There was much discussion that night about the matter of Milva’s hunter’s name. Jaskier had initially insisted that since hunter’s names were a northern custom only the northerners should have a say, but since that left only Geralt, Ciri, and Jaskier himself to decide Milva’s name he was quickly outvoted. Then they became embroiled in a heated debate as to the exact moment they had gone from “warband” to “tribe” without noticing, and whether deeds done before that nebulous point could be considered for naming purposes.
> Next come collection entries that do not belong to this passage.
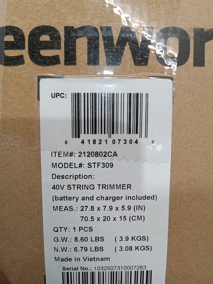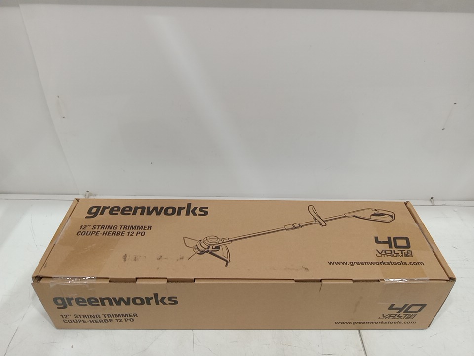 Greenworks 40v Cordless String Trimmer with battery & charger- 12"- green/black (Model: stf309)
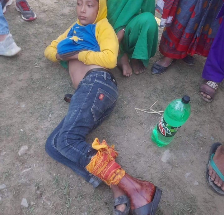 Man Kumar Shrestha, 14, has sustained injuries in his legs. He is reported to have been staying in his home when he was hit by a bullet.
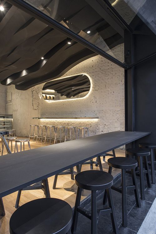 В этой оригинальной конструкции дизайнер передал «физическую формулу аромата кофе», по его собственным словам. Кроме потолка особенностями пространства являются минималистская стилистика с индустриальными мотивами, освещение в виде интегрированной подсветки и контрасты цветов.
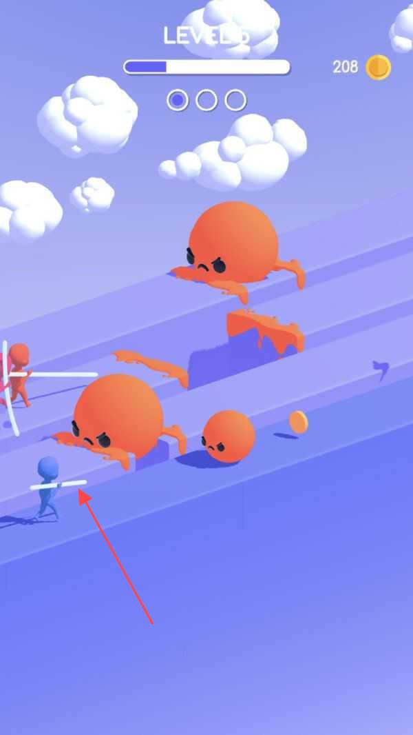 2、操控蓝色小人持杆前进,留意【LEVEL2】进度条,躲避橙色怪物,确保顺利推进关卡。
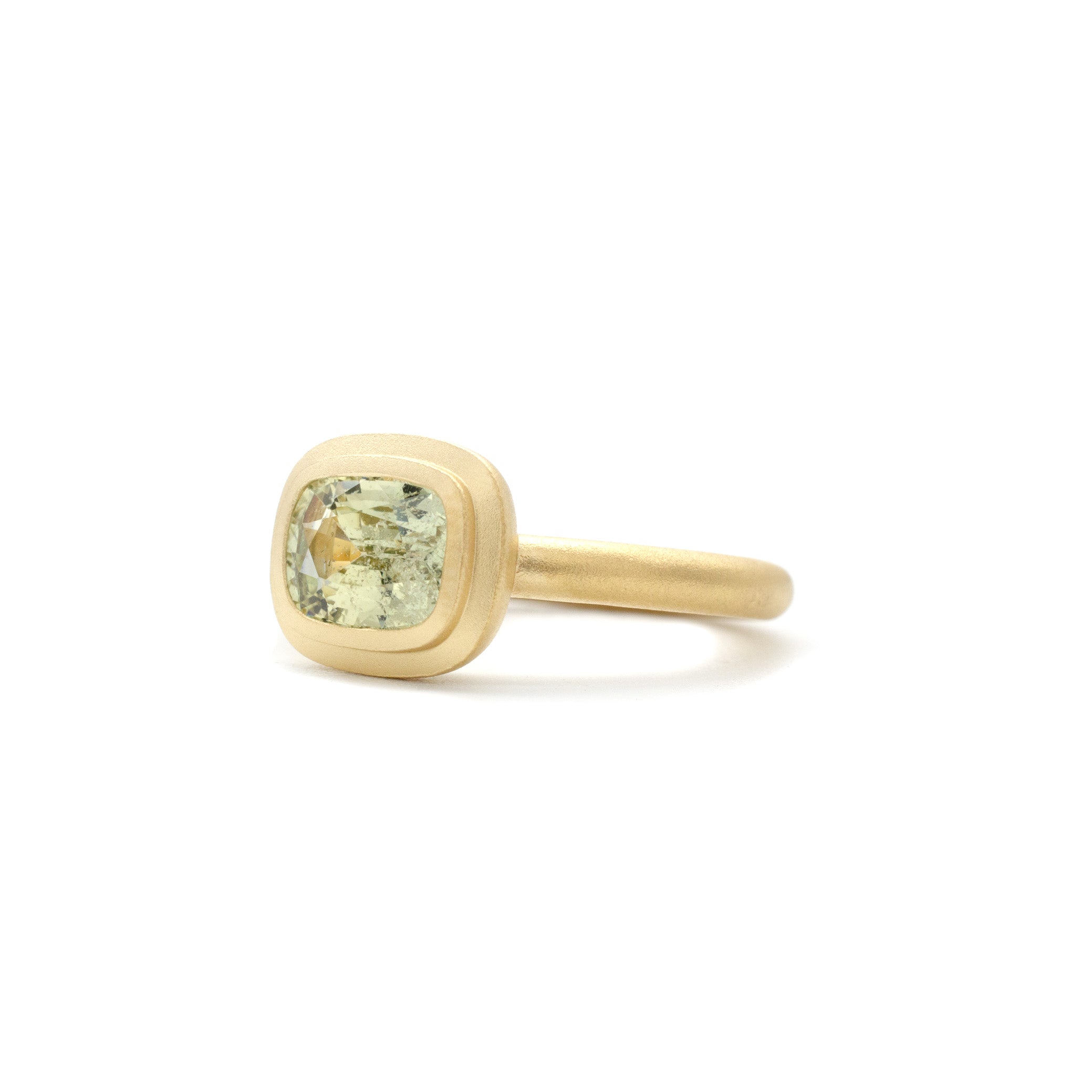 An unusual sapphire in an ethereal celadon tone ; somewhere between pale yellow, ice blue, grey, and light green, sets the mood for this singular piece. The stone is alive with crystalline, bubble-like inclusions, reminders of the slow eras-long process that shaped it deep within the earth. These natural features aren’t flaws; they’re the record of its creation, carrying a history written in pressure, heat, and time.
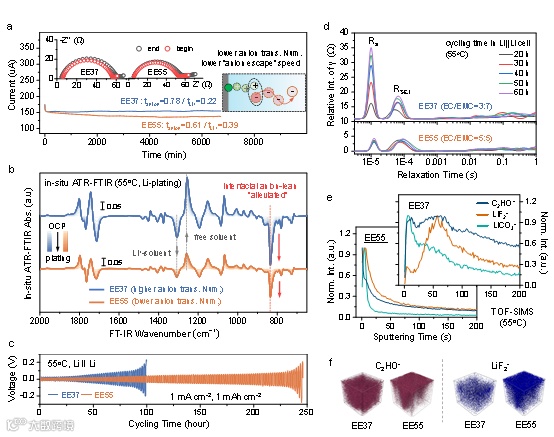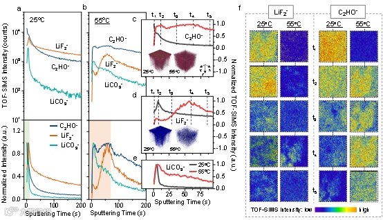 图5. 25℃与55℃下锂金属负极表面SEI的化学组分及结构分析。

Milva sat silently, watching the others debating the matter with a stunned expression. Finally she spoke up, interrupting Cahir and Jaskier arguing about whether fighting the Dragons on the river or the Crocodiles at the Stone Place was the greater show of prowess, while Lem insisted that _her_ favorite memory of Milva was when she had attacked both Geralt and Cahir at once when they’d fought just before reaching the Crown of the World.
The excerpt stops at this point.